Produce exactly the lines from the one holding "암시하는 시퀀스를 시작합니다." through the last line of the data below, with every picture left out.

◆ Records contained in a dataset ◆
::::::::

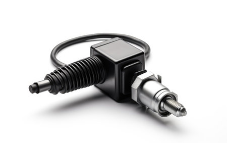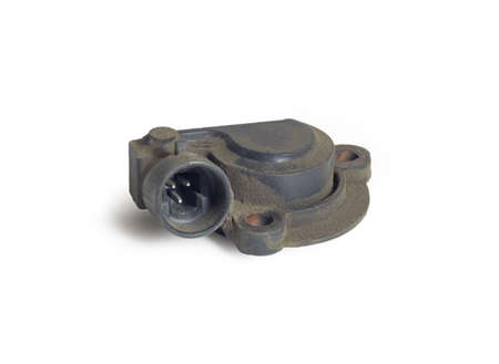 throttle position sensor, electronically inform engine management computer of throttle valve angle. isolated on white background, with clipping path
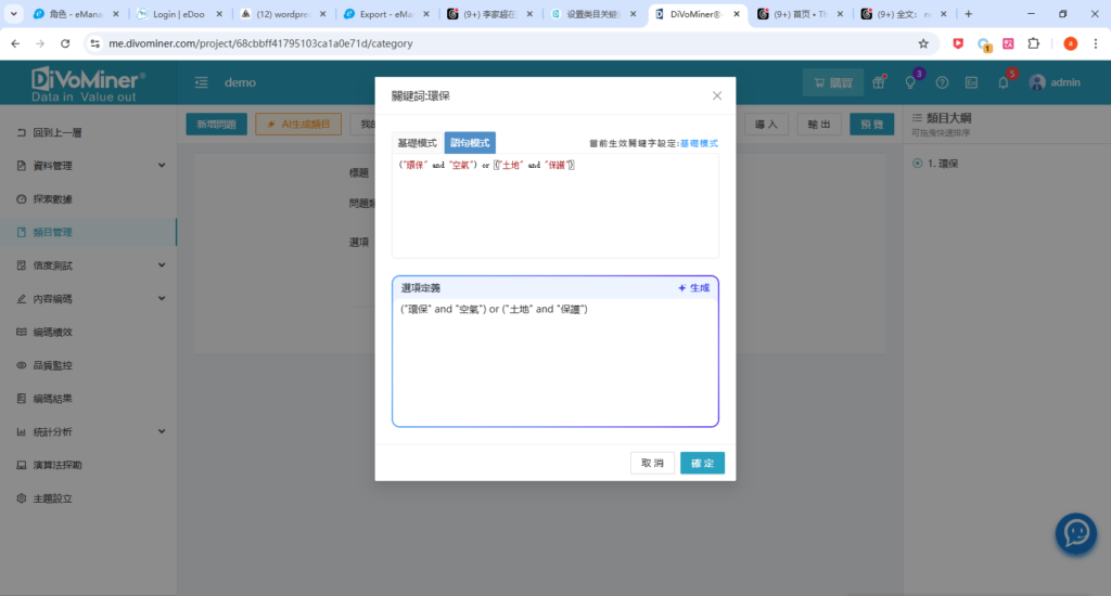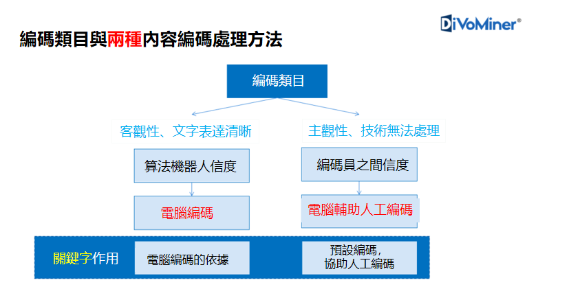 - 在電腦編碼的場景下,關鍵字是機器判斷的邏輯依據。即設置關鍵字後,在編碼過程中就可以執行機器輔助人工編碼了。
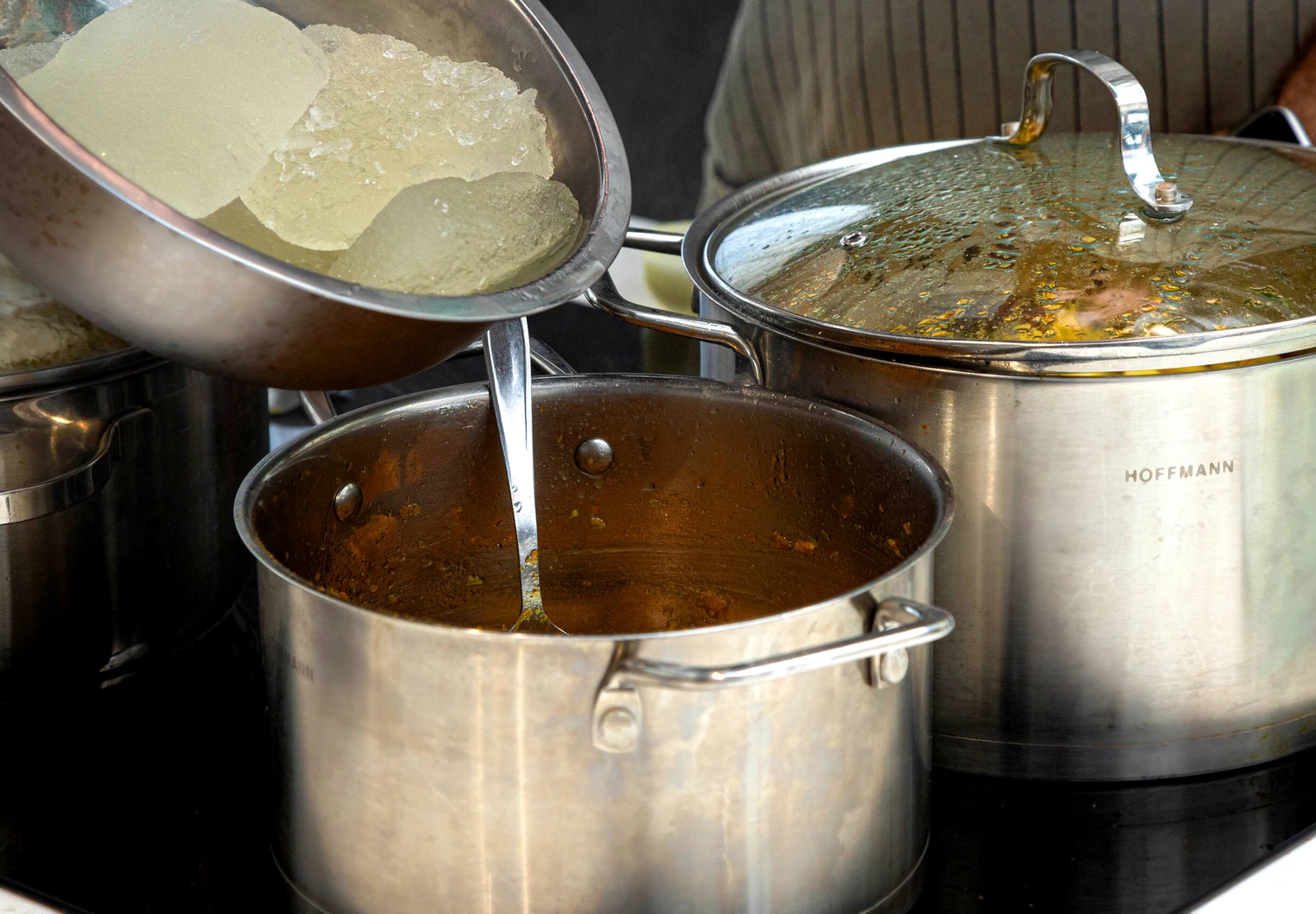 Залейте тыкву куриным бульоном и кокосовым молоком. Готовьте ещё 10 минут.
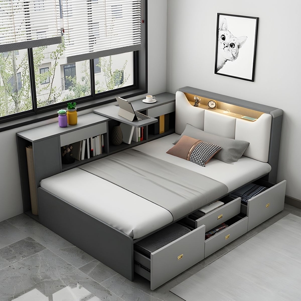 - Giường không chỉ là nơi nghỉ ngơi mà còn giúp bạn sắp xếp đồ đạc gọn gàng, tiết kiệm diện tích.
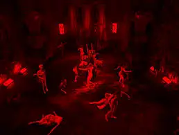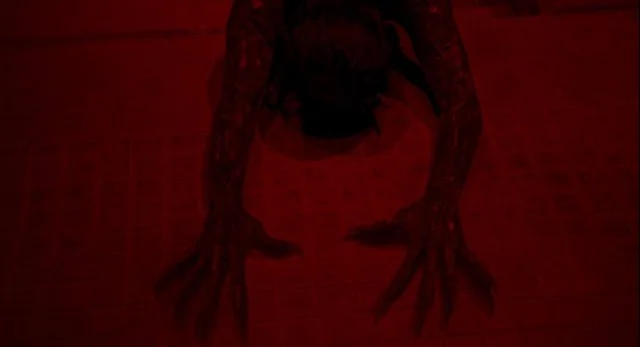 ​​​극초반에 등장한 영화의 시대적 배경인 동서독의 사회주의 사상의 온상지에 만연한 테러에 평행적 이미지를 부여하여 이곳에 있는 패트리샤와 사라, 그 이외에 존재하는 무용학원의 학생들은 전부 시대상에 불필요하게 발생한 피해자로서 그려지고 이는 자궁이 존재하는 복부 부분의 이분을 통하여 꺼내는 장기를 마치 태아의 탯줄처럼 비추어 재탄생한 시스템의 또 하나의 산물이라는 것을 굉장히 은유적으로 드러냅니다. 그러고 난 후, 무용학원의 시스템을 위협할 마치 갈라진 배속으로 들어갈 것 같은 수지의 직선성이 드러납니다. 그리고 이런 복잡한 구조로 이루어진 조그마한 시스템을 비추는 스크린을 붉게 물들여 마치 시스템의 종말을 암시하는 시퀀스를 시작합니다.
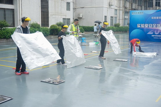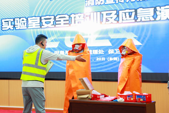 本次活动根据两校区专业特色,组织策划了多个演练项目。东莞校区主要是文法类、理工类实验室,演练以“应急逃生实操”“用电安全实操”“心脏复苏和海姆立克急救法现场实操”“垃圾桶燃烧致楼宇发生火灾,紧急疏散逃生”等常规应急演练项目为主;广州校区主要是医药类实验室,在常规应急演练项目的基础上,增设了“模拟反应瓶爆炸导致腐蚀挥发类化学品(异丙硫醇)泄漏”“大量及少量易燃易爆气体泄漏引发的爆燃”及“模拟反应爆管导致挥发类有机试剂接触加热设备/火源引发的爆燃”等化学品事故演练项目。

::::::::

◆ Answer to the exercise ◆
 ​​​극초반에 등장한 영화의 시대적 배경인 동서독의 사회주의 사상의 온상지에 만연한 테러에 평행적 이미지를 부여하여 이곳에 있는 패트리샤와 사라, 그 이외에 존재하는 무용학원의 학생들은 전부 시대상에 불필요하게 발생한 피해자로서 그려지고 이는 자궁이 존재하는 복부 부분의 이분을 통하여 꺼내는 장기를 마치 태아의 탯줄처럼 비추어 재탄생한 시스템의 또 하나의 산물이라는 것을 굉장히 은유적으로 드러냅니다. 그러고 난 후, 무용학원의 시스템을 위협할 마치 갈라진 배속으로 들어갈 것 같은 수지의 직선성이 드러납니다. 그리고 이런 복잡한 구조로 이루어진 조그마한 시스템을 비추는 스크린을 붉게 물들여 마치 시스템의 종말을 암시하는 시퀀스를 시작합니다.
 本次活动根据两校区专业特色,组织策划了多个演练项目。东莞校区主要是文法类、理工类实验室,演练以“应急逃生实操”“用电安全实操”“心脏复苏和海姆立克急救法现场实操”“垃圾桶燃烧致楼宇发生火灾,紧急疏散逃生”等常规应急演练项目为主;广州校区主要是医药类实验室,在常规应急演练项目的基础上,增设了“模拟反应瓶爆炸导致腐蚀挥发类化学品(异丙硫醇)泄漏”“大量及少量易燃易爆气体泄漏引发的爆燃”及“模拟反应爆管导致挥发类有机试剂接触加热设备/火源引发的爆燃”等化学品事故演练项目。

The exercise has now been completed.